I’m trying to better understand how to use the return_direct=True option in LangGraph tools, especially when using them inside a ToolNode.
What I’m doing
I have several tools defined with @tool(return_direct=True).
These tools are used inside a ToolNode in my agent graph.
However, when the graph executes, I still see AI messages being generated after those tools run, even though I expected the tool output to be returned directly and stop message generation.
The issue
Some of my tools return very large results (e.g., get_all_products with full product details), and I don’t want those outputs:
To be added to the state messages, or
To trigger an extra AI message that just repeats the same tool output.
On the other hand, I have some tools where I do want the results appended to the state (for context), but still don’t want an AI message generated afterward.
What I know
I understand I could create a router node to detect specific tool names and handle this behavior manually (deciding when to return directly or not).
However, I’d prefer to keep using ToolNode for its built-in advantages and simplicity.
My questions
How can I make return_direct=True actually prevent AI message generation after tool execution when using ToolNode?
Is there a way to handle mixed behavior — for example:
Some tools return directly (display result only, no state append),
Some tools append their output to the state but skip the AI message?
Any examples or best practices for handling this pattern would be greatly appreciated!

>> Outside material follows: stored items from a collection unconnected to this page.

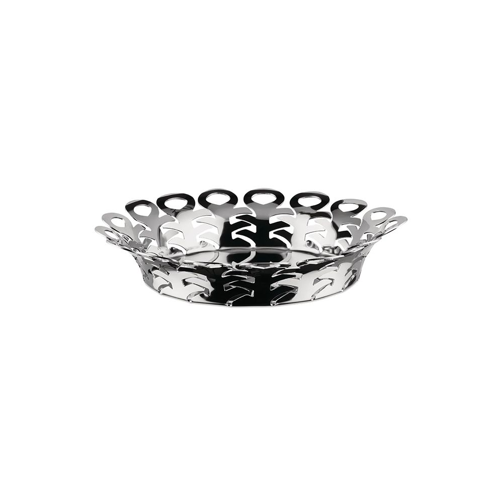 Cestino traforato in acciaio inossidabile 18/10.Diam. cm 27 h cm 5,5Ispirati dai tradizionali cestini intrecciati in vimini, Michel Boucquillon e Donia Maaoui hanno creato un oggetto inedito e originale che, al tempo stesso, evoca con grazia le forme di quegli antichi manufatti. Il cestino Vimini si distingue per un disegno raffinato: realizzato mediante un procedimento di foratura al laser della lastra d'acciaio, successivamente sagomata con una serie di passaggi meccanici, testimonia l'abilità dell'officina Alessi nella lavorazione di questo metallo.Questa collezione è dedicata a chi cerca nei prodotti di design versatilità, eleganza e costo contenuto. Prodotto interamente in acciaio, uno dei materiali più durevoli e resistenti in assoluto, ecosostenibile in tutto il proprio ciclo di vita e completamente riciclabile.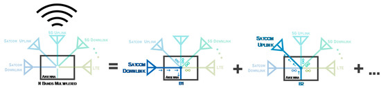 As an example, Figure 2 can be analyzed in depth, where in the middle schematic the user wants to receive data in the SATCOM downlink band, and thus the path is clear for the respective frequency band B1, and for all the other operating bands the impedance seen will be infinite. This concept is scalable for the n different bands of the antenna. In short, this concept allows to design a n-band structure as efficient as the summation of several resonant antennas in each of the n bands.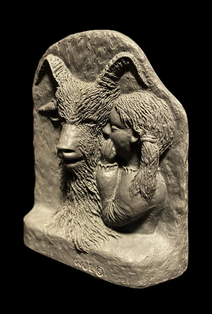 Black Phillip #2 is a flat back, free standing resin model kit. It measures approximately 3.75" tall x 3" wide x 1" deep.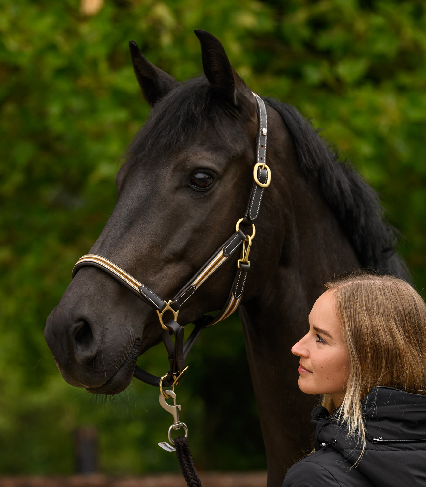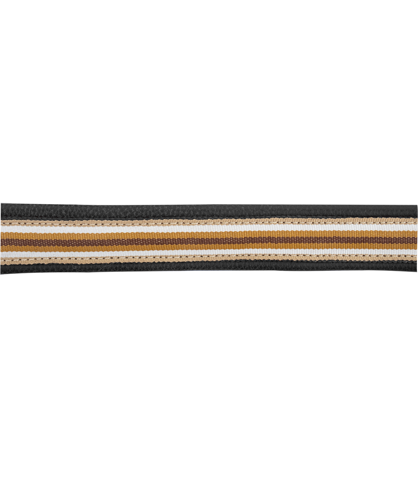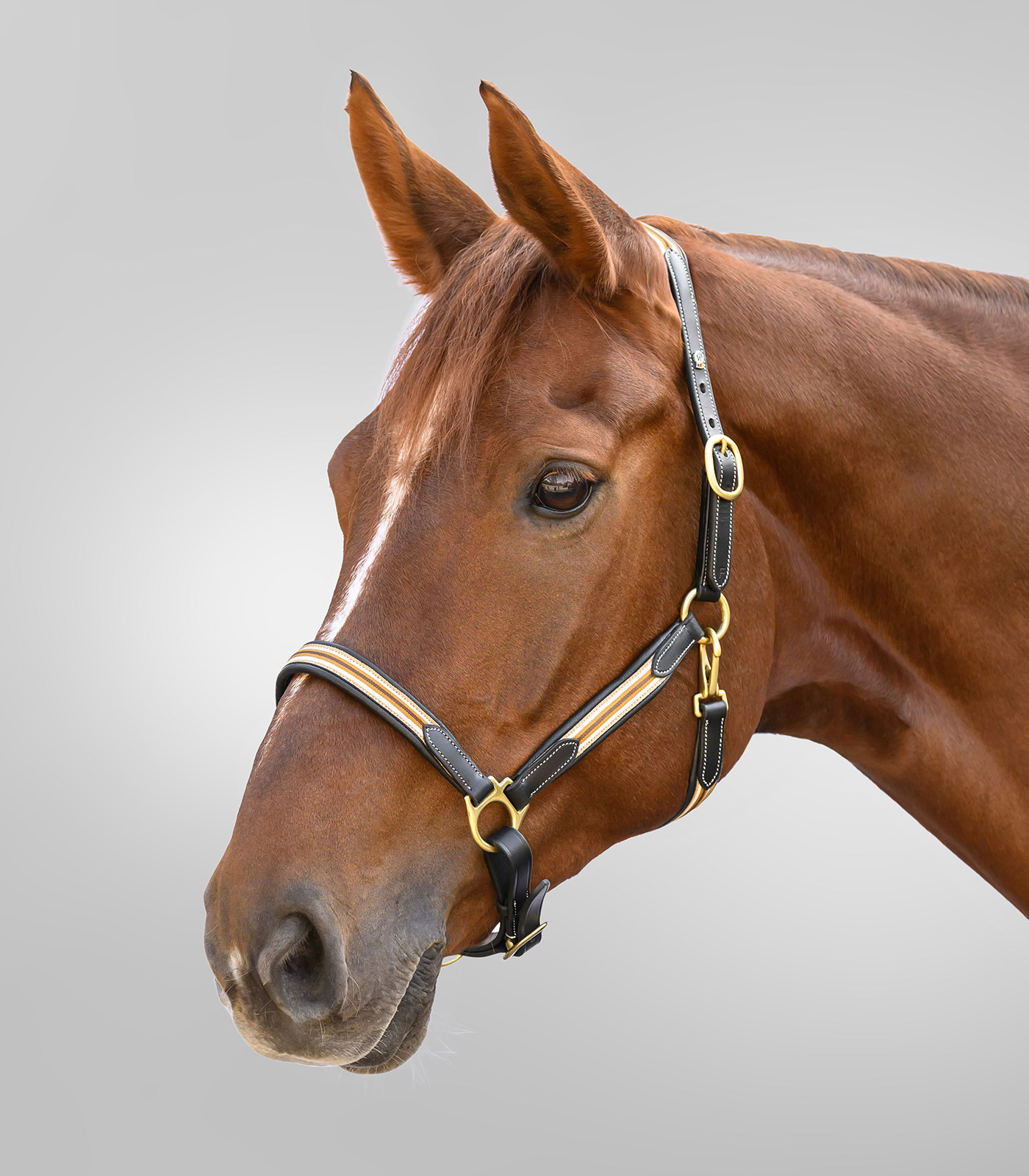 Licol en cuir doux avec surpiqûres décoratives et strap en nylon sportif cousu sur la muserolle, la sous-gorge, la têtière et les joues. Avec boucles dorées, réglables des deux côtés de la nuque.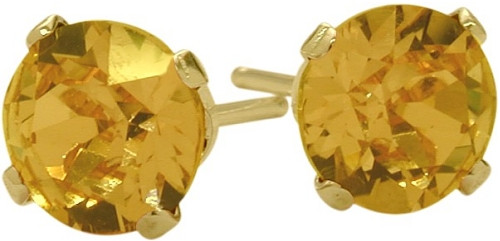 These beautiful round cut yellow gold, genuine Citrine stud earrings are crafted of 14 karat gold. Measuring 0.16 inches (4mm) high and 0.16 inches (4mm) wide. The butterfly backings ensure secure closure and easy wearing.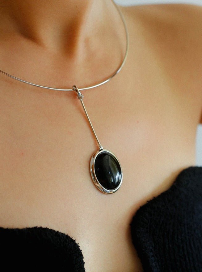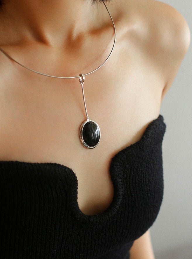 925 Silver Necklace: Wood-grain Marble&Black Onyx & White Mother of Pearl Pendant

I modified the quickstart example by adding an edge from tool_node to END.
# Step 1: Define tools and model
from langchain.tools import tool
from langchain.chat_models import init_chat_model
model = init_chat_model(
"ollama:qwen3",
temperature=0
)
from langgraph.prebuilt.tool_node import ToolNode
from langchain_core.tools import tool
@tool
def add(a: int, b: int) -> int:
"""Add two numbers."""
return a + b
tool_node = ToolNode([add])
# Augment the LLM with tools
model_with_tools = model.bind_tools([add])
# Step 2: Define state
from langchain.messages import AnyMessage
from typing_extensions import TypedDict, Annotated
import operator
class MessagesState(TypedDict):
messages: Annotated[list[AnyMessage], operator.add]
llm_calls: int
# Step 3: Define model node
from langchain.messages import SystemMessage
def llm_call(state: dict):
"""LLM decides whether to call a tool or not"""
return {
"messages": [
model_with_tools.invoke(
[
SystemMessage(
content="You are a helpful assistant tasked with performing arithmetic on a set of inputs."
)
]
+ state["messages"]
)
],
"llm_calls": state.get('llm_calls', 0) + 1
}
# Step 4: Define tool node
from langchain.messages import ToolMessage
# Step 5: Define logic to determine whether to end
from typing import Literal
from langgraph.graph import StateGraph, START, END
# Conditional edge function to route to the tool node or end based upon whether the LLM made a tool call
def should_continue(state: MessagesState) -> Literal["tool_node", END]:
"""Decide if we should continue the loop or stop based upon whether the LLM made a tool call"""
messages = state["messages"]
last_message = messages[-1]
# If the LLM makes a tool call, then perform an action
if last_message.tool_calls:
return "tool_node"
# Otherwise, we stop (reply to the user)
return END
# Step 6: Build agent
# Build workflow
agent_builder = StateGraph(MessagesState)
# Add nodes
agent_builder.add_node("llm_call", llm_call)
agent_builder.add_node("tool_node", tool_node)
# Add edges to connect nodes
agent_builder.add_edge(START, "llm_call")
agent_builder.add_conditional_edges(
"llm_call",
should_continue,
["tool_node", END]
)
agent_builder.add_edge("tool_node", END)
# Compile the agent
agent = agent_builder.compile()
# Invoke
from langchain.messages import HumanMessage
messages = [HumanMessage(content="Add 3 and 4.")]
messages = agent.invoke({"messages": messages})
for m in messages["messages"]:
m.pretty_print()
If this isn’t what you meant, could you please share your code so we can understand better?